Мне не обидно, разве что совсем немного.
Я привыкла.
Мой рост далеко не Дюймовочкин, и это главный мой комплекс.
В моем окружении существует всего один мужчина, который выше меня, пока я без каблуков, и этот мужчина — мой отец. Собственно, его и стоит благодарить за мой гигантский рост, ведь моя мама едва достает мне до плеча. В детстве, когда я превосходила своих сверстников, мне нравилось быть высокой. В подростковом периоде, когда со мной знакомились парни постарше и предлагали встречаться, поскольку выглядела я соответствующе, мне льстило тоже. Сейчас, когда подруги поочередно выходят замуж, я ругаю свои гены, которые, видимо, подзабыли, что я девочка, а не спортсмен NBL**.
Иногда мне кажется, что я до сих пор расту. Хотя понимаю, что это бред. Мой комплекс развился тогда, когда парни стали от меня шарахаться, а мой единственный парень, с которым мы встречались больше года в университете, сказал, что нам нужно расстаться, потому что его друзья считали меня оглоблей, и ему некомфортно, что его девушка видит его перхоть.
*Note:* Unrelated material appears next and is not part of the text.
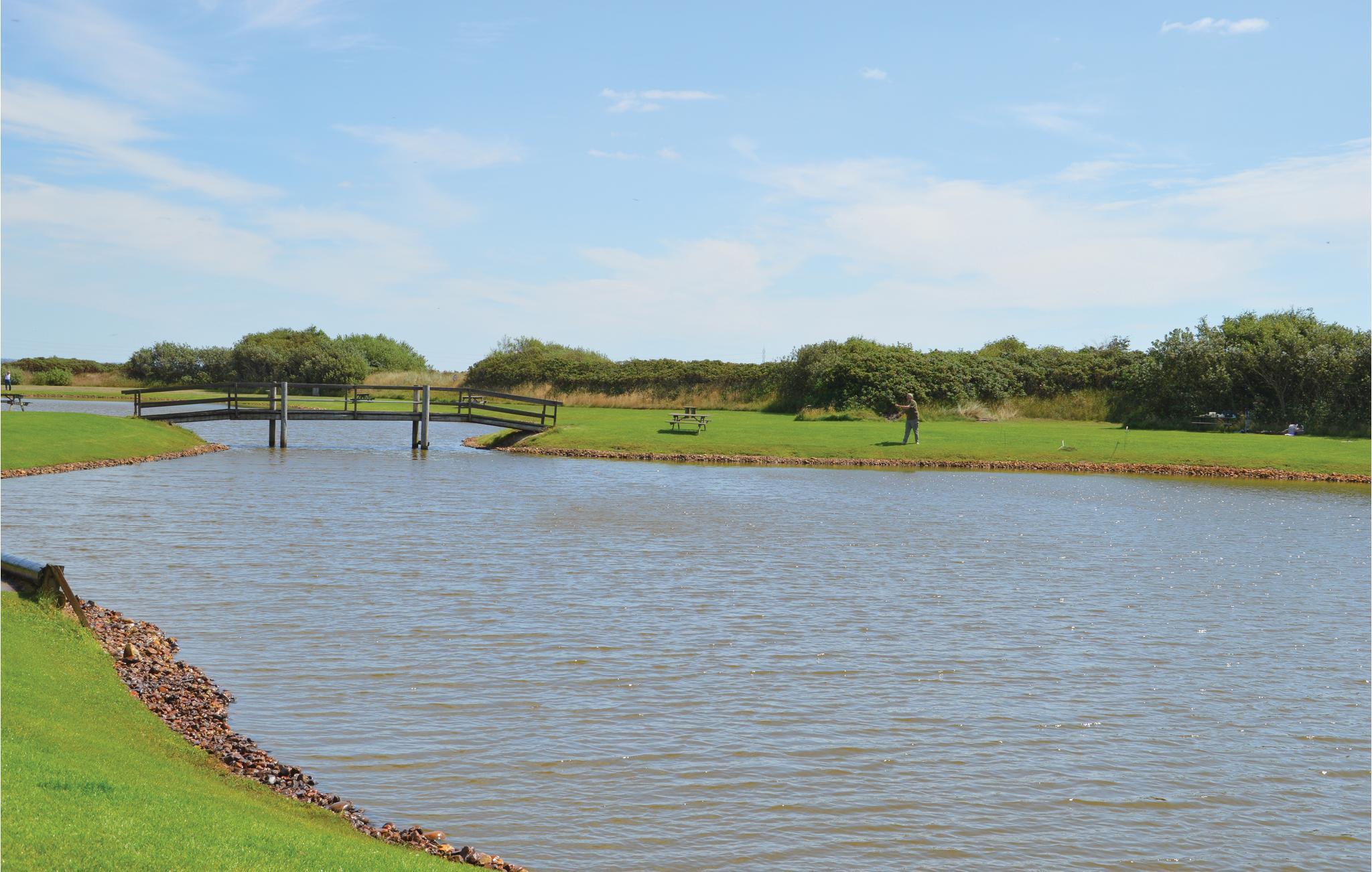 Huset ligger i et feriecenter tæt på en golfbane og 500 meter fra Vesterhavets sandstrande. Her kan I bade og gå friske ture langs vandet hele året rundt. Den hyggelige by Søndervig ligger smukt ved Vesterhavet og byder på forskellige aktiviteter såsom minigolf, tennis og svømmehal få hundrede meter fra huset.
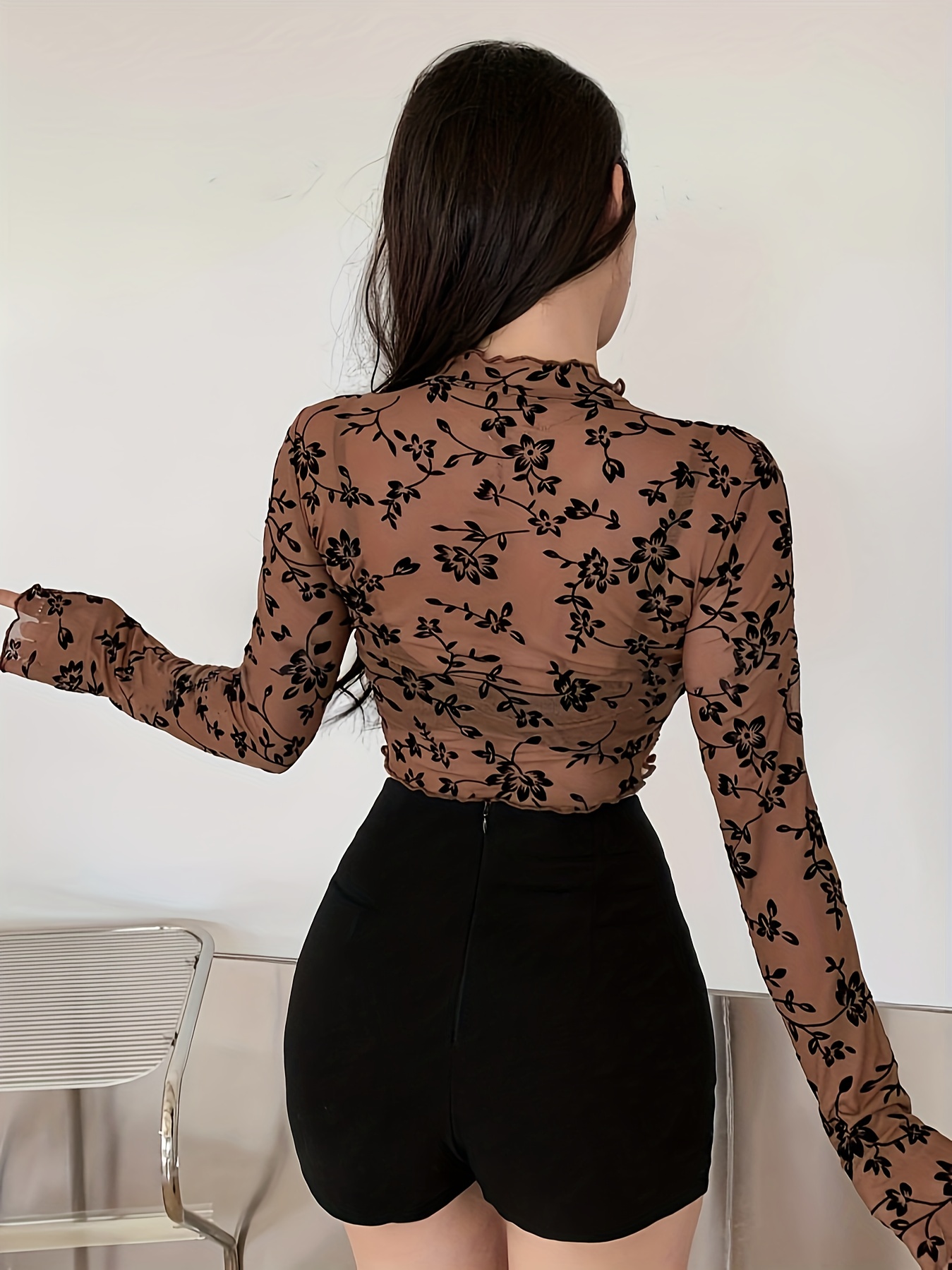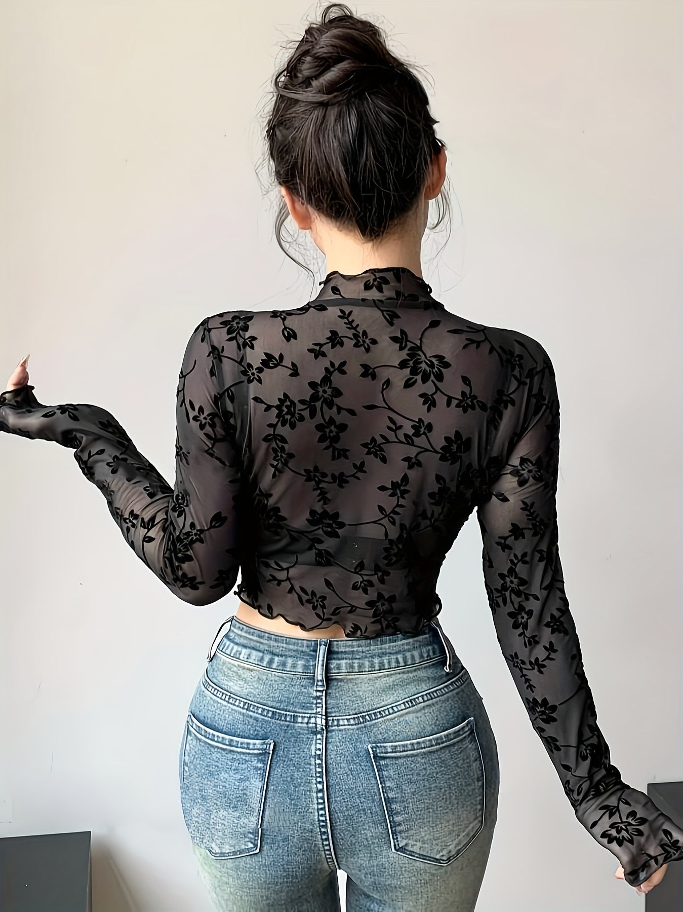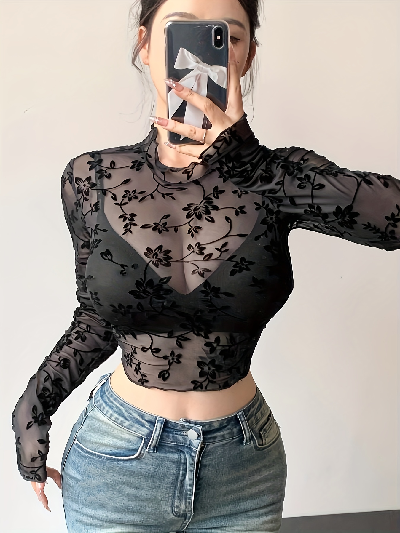 Women's Elegant Floral Lace Long Sleeve Crop Top - Stretchy Mesh T-Shirt with Scalloped Hem, Perfect for Spring & Autumn

Мой единственный парень был баскетболистом. Пять лет назад это казалось мне крутым: популярный высокий старшекурсник обратил внимание на меня.
Как только щелкает замок с внутренней стороны кованой двери, я с первой космической ныряю во двор, чтобы скорее оказаться под тенью виноградных лоз. Жара в этом году беспощадная! В тени под пятьдесят, и это с утра!
Раскаленный воздух плавит легкие и мозги, и в интервале с рассвета до заката город кажется вымершим.
— Привет, Паш! — улыбаюсь пропускающему меня внутрь парню.
— Я — Миша. Привет, — бурчит в ответ и запирает за мной замок.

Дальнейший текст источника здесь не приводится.